The official student newspaper of Walter Johnson High School

The Pitch

The fashion icons of WJ

Sophomore Ibrahim Khalid stunts his signature flared jeans and a graphic tee. He admires Rick Owens pieces and is wearing a pair of the Rick Owens boots. Khalid is working on starting his own clothing brand and hopes to officially begin making his apparel soon.

Each day, students walk the halls of WJ, all rushing to their next class before the bell rings. With such little time (and such long hallways), meeting new people or striking up a conversation with a stranger seems almost impossible. For students, clothing becomes a significant method of self-expression. With one glance, you can learn a lot about someone’s personality, interests and mood on that day. Each component of a person’s outfit is a clue to who they are. Some students tend to stand out in the sea of people hustling through the halls. You may have noticed a few people with unique style throughout your time at WJ, but unless you have a personal relationship with any of them, your impression of them is probably only based on their appearance. Let’s take a look at some of the fashion icons of our school and the fascinating stories behind the outfits they wear.

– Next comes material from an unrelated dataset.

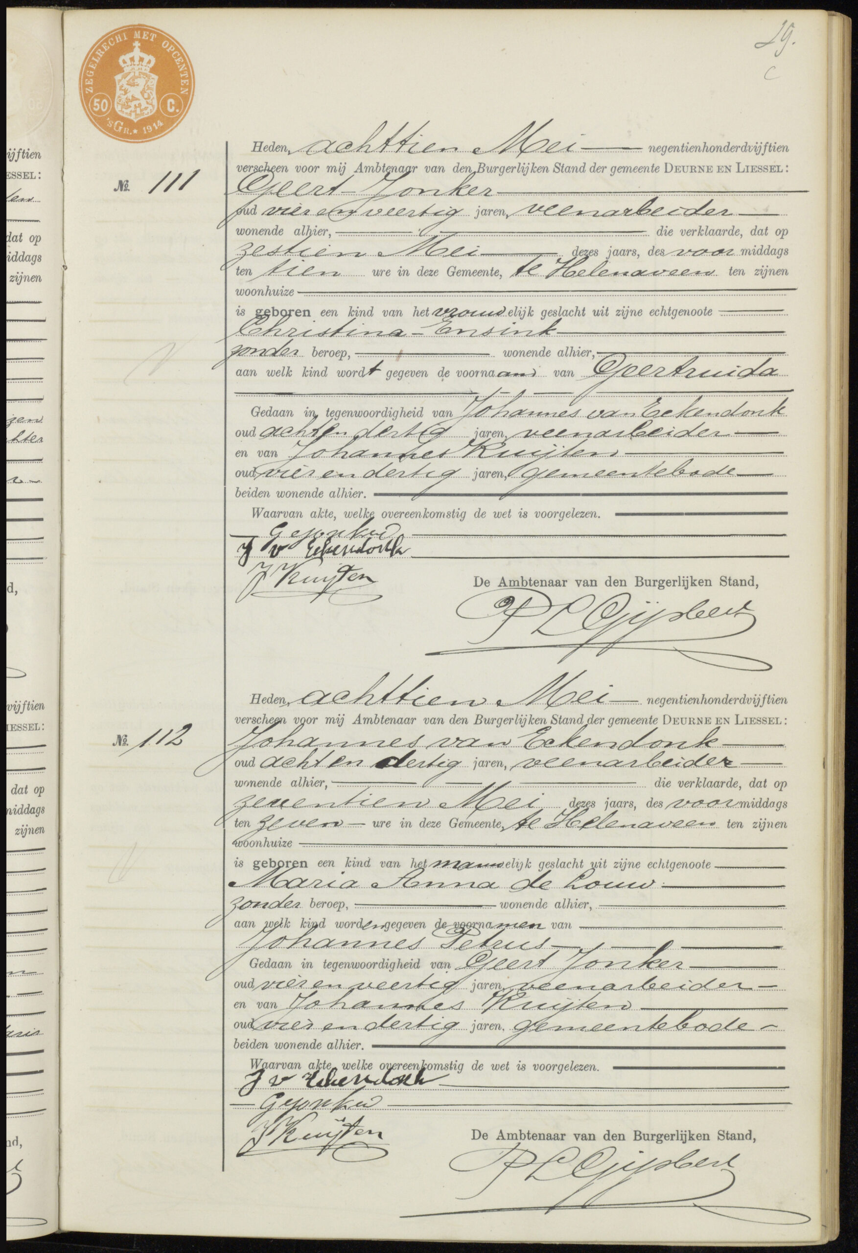 Getuigen: Geert Jonker, 44 jaar oud, veenarbeider en Johannes Kuijten, 44 jaar oud, gemeentebode.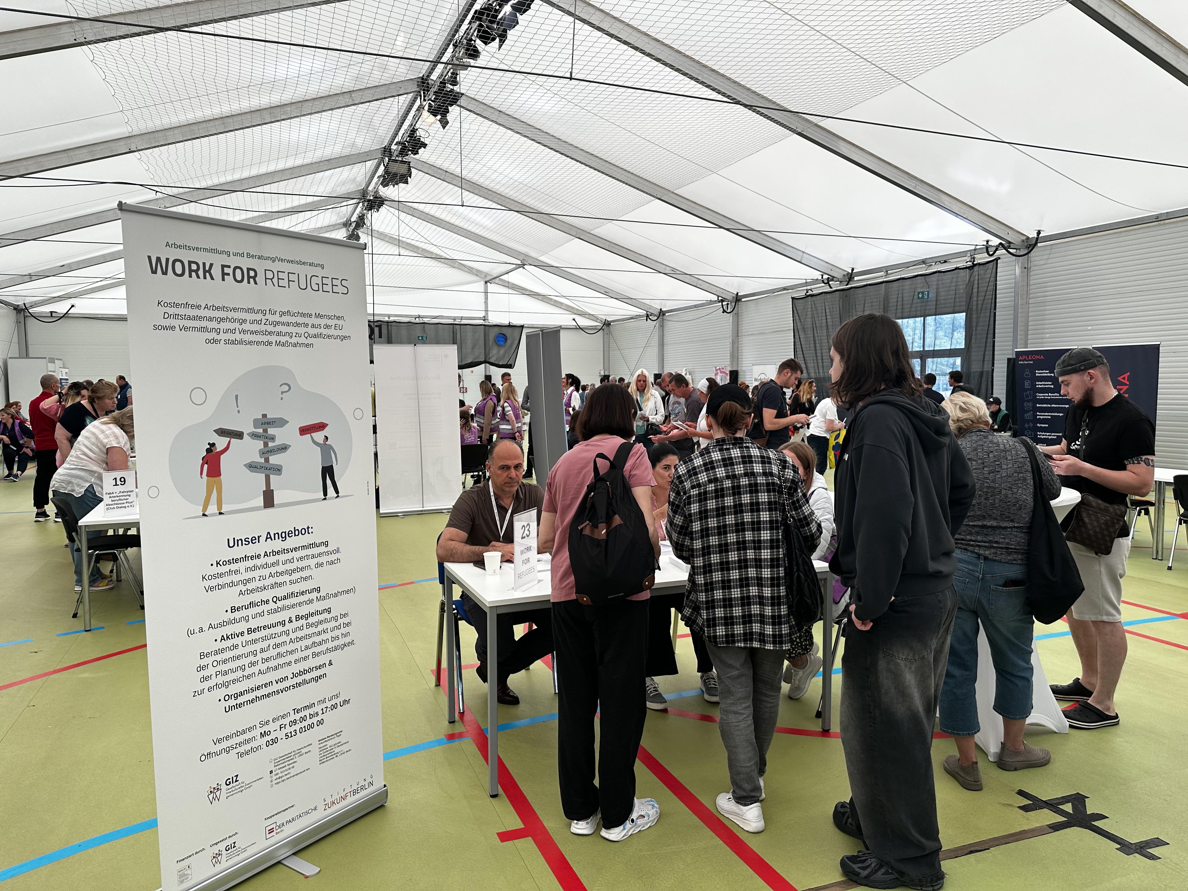 Die Jobbörse wurde vom Projekt „Work for Refugees" in Kooperation mit dem Landesamt für Flüchtlingsangelegenheiten (LAF) und der DRK Sozialwerk Berlin gGmbH (DRK-SWB) organisiert. Das Projekt „Work for Refugees“ wird von der Senatsverwaltung für Arbeit, Soziales, Gleichstellung, Integration, Vielfalt und Antidiskriminierung gefördert und umgesetzt durch die Gesellschaft für interkulturelles Zusammenleben gGmbH sowie die Kooperationspartner Paritätischer Wohlfahrtsverband LV Berlin e. V. und Stiftung Zukunft Berlin.

Ibrahim Khalid – Sophomore:

You might recognize sophomore Ibrahim Khalid by his eye-catching outfits that regularly include a flared style of jeans or pants.

“I like wearing the baggy jeans and small top combo. Something I like wearing that a lot of guys don’t wear is flared jeans, they lay better on your shoes than straight jeans,” Khalid said. His flared jeans are one of the things that sets him apart. “Last year when I would wear them, a lot of kids would make fun of me for it,” Khalid added.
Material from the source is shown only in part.